Exercise
Would you retype exactly the lines below, starting with the one that has "A hosszú idõ" and going on through the one that has "Já a representante", with no pictures and nothing else?

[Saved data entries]
========

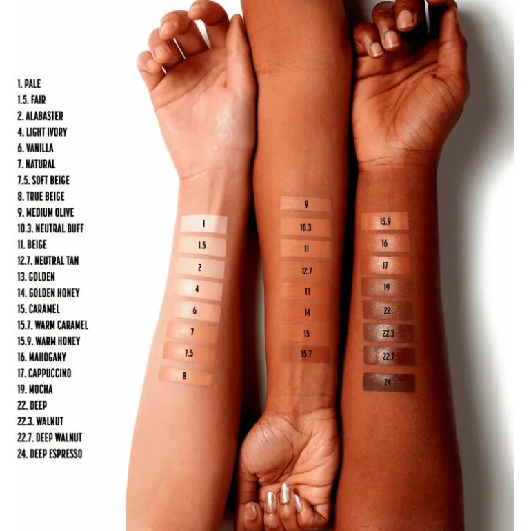 Water/Aqua/Eau, Cyclopentasiloxane, Methyl Methacrylate Crosspolymer, Cyclohexasiloxane, Butylene Glycol, PEG-10 Dimethicone, Trimethylsiloxysilicate, Polyglyceryl-3 Polydimethylsiloxyethyl Dimethicone, Silica Dimethyl Silylate [Nano], Sodium Chloride, Triethoxycaprylylsilane, Dimethicone, Dimethicone/Vinyl Dimethicone Crosspolymer, Aluminum Hydroxide, Disodium EDTA, Propylene Carbonate, Disteardimonium Hectorite, Ethylhexylglycerin, Cetyl PEG/PPG-10/1 Dimethicone, Tocopherol, Pentaerythrityl Tetra-di-t-butyl Hydroxyhydrocinnamate, Phenoxyethanol. MAY CONTAIN / PEUT CONTENIR (+/-): Iron Oxides (CI 77491, CI 77492, CI 77499), Titanium Dioxide (CI 77891).
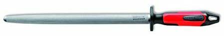 A hosszú idõ óta jól bevált F. Dick élezõ acélpenge, mely nedves és zsíros állapotban egyaránt csúszásmentes. Markolata ergonomikus kialakítású, ujjvédelemmel, a fogantyú végén fűzõlyuk található. Az eszköz biztonságos és higiénikus, a hatályos élelmiszeripari szabályozásoknak megfelelõ. (DICK)
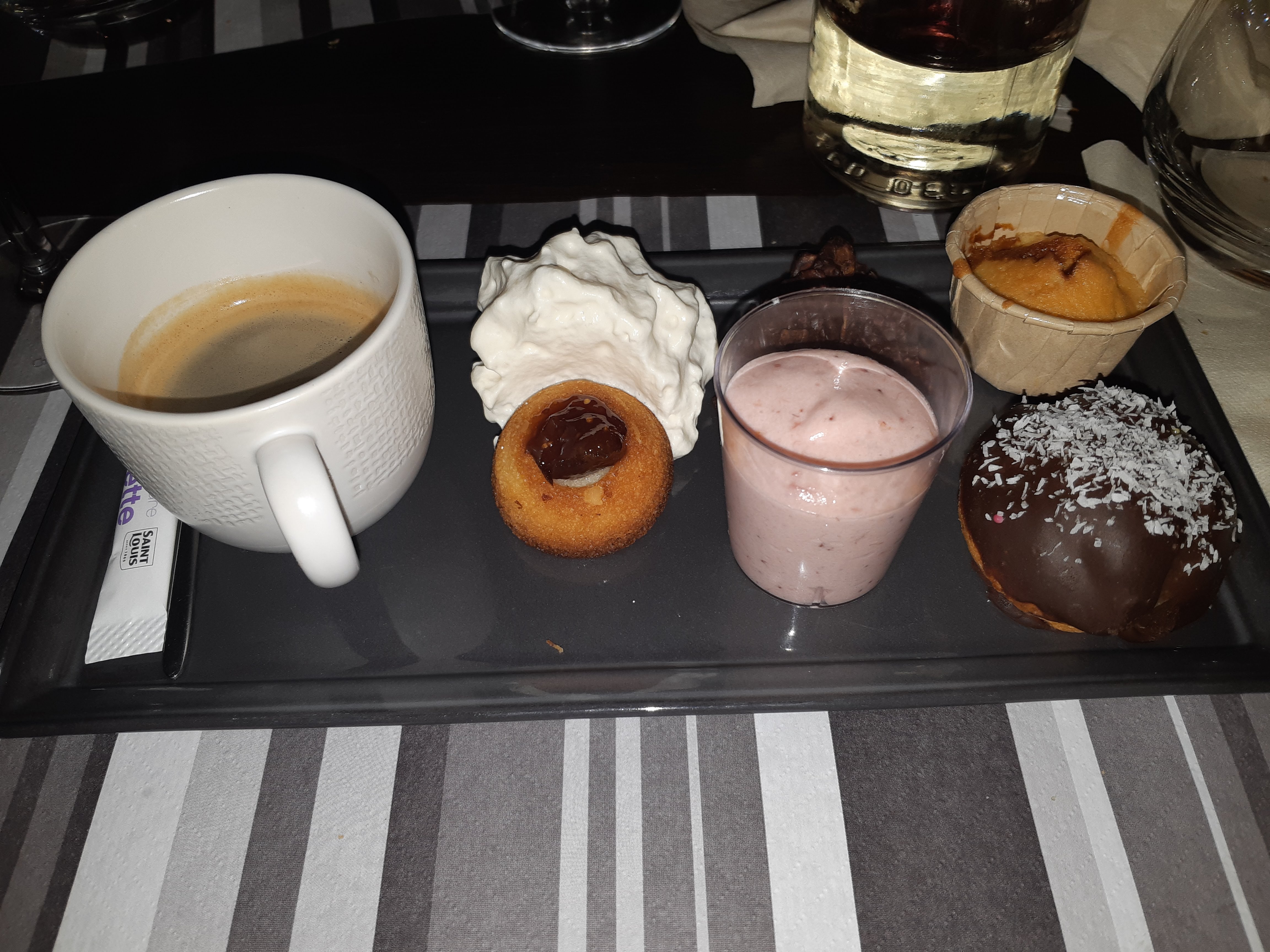 Tres bon moment gustatif. Oeuf cocotte aux Cepes et cabillaud en croute d'ail. Attention a la surcuisson de la viande de boeuf de mes compagnons. A point c'etait tres cuit, dommage.
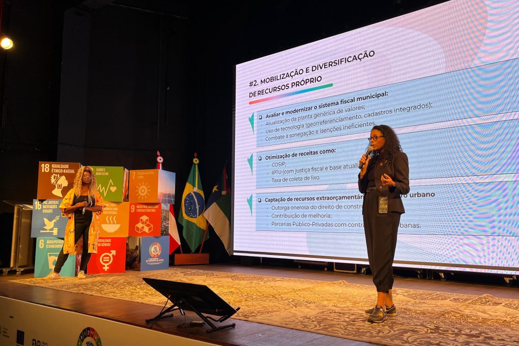 Já a representante da Frente Nacional de Prefeitas e Prefeitos (FNP), Júlia Melo, e a representante regional Lac no Fundo Mundial para Desenvolvimento das Cidades (FMDV), Gabriella Costa, no final da manhã, expuseram como os municípios podem obter recursos para implementar os objetivos. Entre os tópicos apresentados estão o levantamento da capacidade de pagamento do município, a atualização do tesouro nacional e as linhas de financiamento disponíveis.
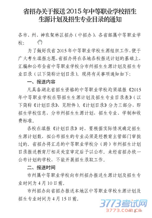 [组图]2015湖北中职学校招生计划及招生专业目录报送通知

========

Finished task
 A hosszú idõ óta jól bevált F. Dick élezõ acélpenge, mely nedves és zsíros állapotban egyaránt csúszásmentes. Markolata ergonomikus kialakítású, ujjvédelemmel, a fogantyú végén fűzõlyuk található. Az eszköz biztonságos és higiénikus, a hatályos élelmiszeripari szabályozásoknak megfelelõ. (DICK)
 Tres bon moment gustatif. Oeuf cocotte aux Cepes et cabillaud en croute d'ail. Attention a la surcuisson de la viande de boeuf de mes compagnons. A point c'etait tres cuit, dommage.
 Já a representante da Frente Nacional de Prefeitas e Prefeitos (FNP), Júlia Melo, e a representante regional Lac no Fundo Mundial para Desenvolvimento das Cidades (FMDV), Gabriella Costa, no final da manhã, expuseram como os municípios podem obter recursos para implementar os objetivos. Entre os tópicos apresentados estão o levantamento da capacidade de pagamento do município, a atualização do tesouro nacional e as linhas de financiamento disponíveis.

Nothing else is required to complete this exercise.